Algoritmos de Limitación de Tasa

Por Qué la Limitación de Tasa Es Importante

La limitación de tasa controla el número de solicitudes que un cliente puede hacer a una API dentro de un período de tiempo dado. Es un mecanismo de defensa crítico que protege tus servicios de ser saturados.

¿Por Qué Limitar la Tasa?

Prevenir abuso: Detener a usuarios maliciosos de saturar tu API (ataques DDoS, intentos de fuerza bruta).
Asegurar equidad: Prevenir que un solo cliente monopolice recursos.
Controlar costos: Las llamadas API a servicios downstream cuestan dinero.
Mantener estabilidad: Proteger servicios backend de picos de tráfico.
Cumplir acuerdos: Imponer niveles de uso de API (gratis: 100 req/min, pro: 10,000 req/min).

1. Token Bucket

El algoritmo token bucket es uno de los enfoques de limitación de tasa más ampliamente usados. Imagina un bucket que contiene tokens. Los tokens se agregan al bucket a una tasa fija (ej. 10 tokens por segundo). Cada solicitud consume un token. Si el bucket está vacío, la solicitud se rechaza. El bucket tiene una capacidad máxima, así que los tokens no se acumulan infinitamente.

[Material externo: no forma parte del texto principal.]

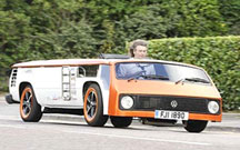 Một thợ máy ở hạt Dorset (Anh) chuẩn bị ghi tên mình vào Sách Kỷ lục Guinness thế giới nhờ “chế” ra chiếc xe tải camper (loại xe có chỗ để tài xế ngủ) thấp nhất thế giới. Trong vòng 3 ngày, Andy Saunders cùng 3 người bạn đã cải tạo chiếc camper hiệu Volkswagen cao 2,3 m thành kiểu xe mới chỉ cao hơn 1 m. Do xe quá lùn nên người lái xe Van-Cake phải thò đầu ra khỏi mui (ảnh). Xe có thể chạy bình thường với vận tốc 128 km/giờ dù các “nhà sáng chế” đã thay mới hệ thống lái, bình xăng, hạ thấp ghế ngồi, thay đổi vị trí thắng tay và cần số. Ông Saunders - người chủ ý cải tạo xe để tham gia tranh tài tại một lễ hội ôtô - cho biết khi cần, bạn có thể buông tấm nệm ở sau lưng ra ngủ.

La ventaja clave del token bucket es que permite ráfagas. Si el bucket está lleno (ej. 100 tokens), un cliente puede hacer 100 solicitudes instantáneamente, luego debe esperar a que los tokens se recarguen.

class TokenBucket {
  private tokens: number;
  private lastRefill: number;

  constructor(
    private maxTokens: number,       // Maximum burst size
    private refillRate: number,      // Tokens added per second
  ) {
    this.tokens = maxTokens;
    this.lastRefill = Date.now();
  }

  private refill(): void {
    const now = Date.now();
    const elapsed = (now - this.lastRefill) / 1000;
    const newTokens = elapsed * this.refillRate;
    this.tokens = Math.min(this.maxTokens, this.tokens + newTokens);
    this.lastRefill = now;
  }

  tryConsume(tokens: number = 1): boolean {
    this.refill();
    if (this.tokens >= tokens) {
      this.tokens -= tokens;
      return true; // Request allowed
    }
    return false; // Rate limited
  }
}

// Usage: 10 requests per second with burst of 20
const bucket = new TokenBucket(20, 10);

2. Leaky Bucket

El leaky bucket procesa solicitudes a una tasa fija y constante — como agua goteando de un bucket a un ritmo constante. Las solicitudes entrantes se agregan a una cola (el bucket). Si la cola está llena, las nuevas solicitudes se rechazan. Las solicitudes se procesan de la cola a una tasa constante, independientemente de qué tan rápido lleguen.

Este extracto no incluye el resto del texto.